Tony: I think we also need to talk about that ending too — so spoilers after the image.

After the meme runs its course, it turns out that it was created by something otherworldly to prepare for its arrival on Earth … and in that last horrifying page, it does. That last page just freaked me the hell out. It’s gigantic, otherworldly, frightening … and the book ends. We don’t know what it is, what it was doing, or why it did what it did…
That probably has haunted me more than any other image from the series. It was the perfect way to end the series.

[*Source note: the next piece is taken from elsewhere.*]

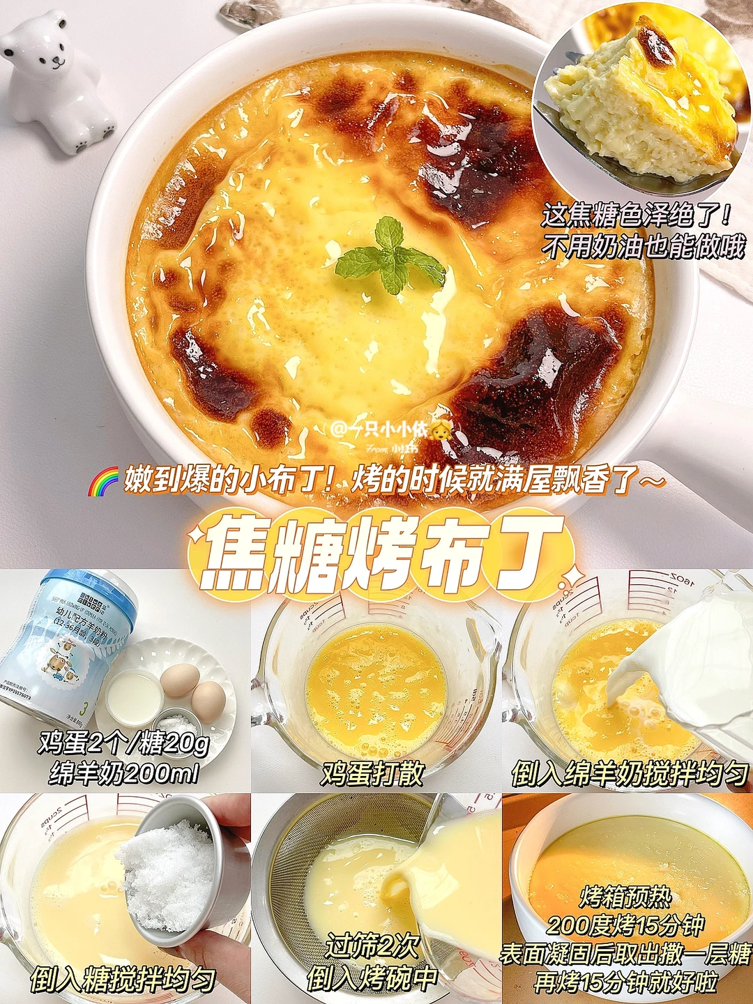 👉食材:鸡蛋2个/糖20g/泡好的绵羊奶200ml
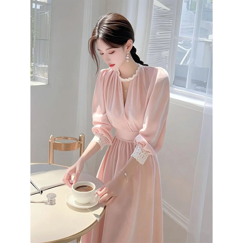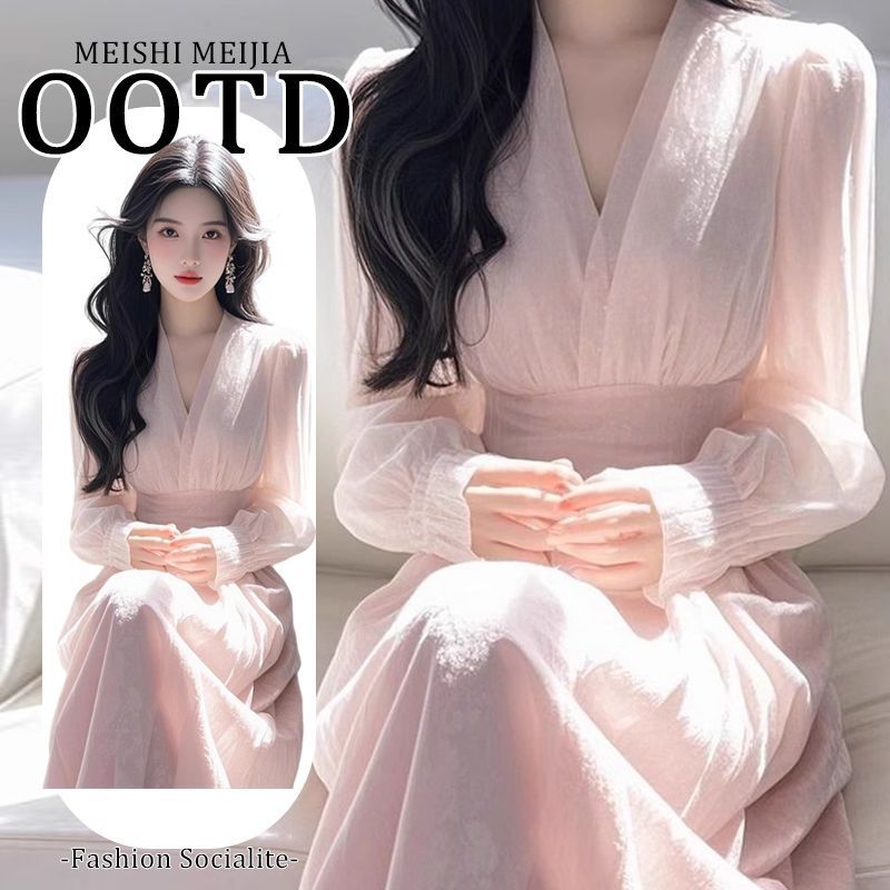 2025春フレンチロングスカート、美しくユニークな気質、セレブの女神スタイル、女性用のハイエンドピンクウエストドレス

Brendan: Absolutely. Not to dip too far into spoiler territory, it’s a great twist. Nobody wins, and the direction it takes headed into that final reveal is nowhere close to what you’d expect from the beginning and middle of the story. I also love that it’s still not all wrapped up. There are a lot of directions it could go from that final image, and they leave it up to the reader’s imagination. Beautiful storytelling.

Tony: Yeah, I agree. This is one of those with an open ending that I don’t want to know what’s next. It’s definitely better ending at the precise moment it does.
So what did you think?
Brendan: This is probably the closest you’ve hit to my actual flavor of comics. It only took you, what, two years? Kidding. Not really, though. More like this.
Tony: Whatever, you’ve loved everything I’ve brought you. But this might be one of the best of the bunch. What’s up next?
Brendan: I mentioned Analog, by Gerry Duggan and David O’Sullivan. Let’s go ahead and pull the trigger on that one. Loads of thematic crossover with this one, but a completely different setup and execution.
Tony: I read the first couple issues when it came out, so it sounds like a lot of fun!
Memetic is available in print and digital editions from Boom! Studios.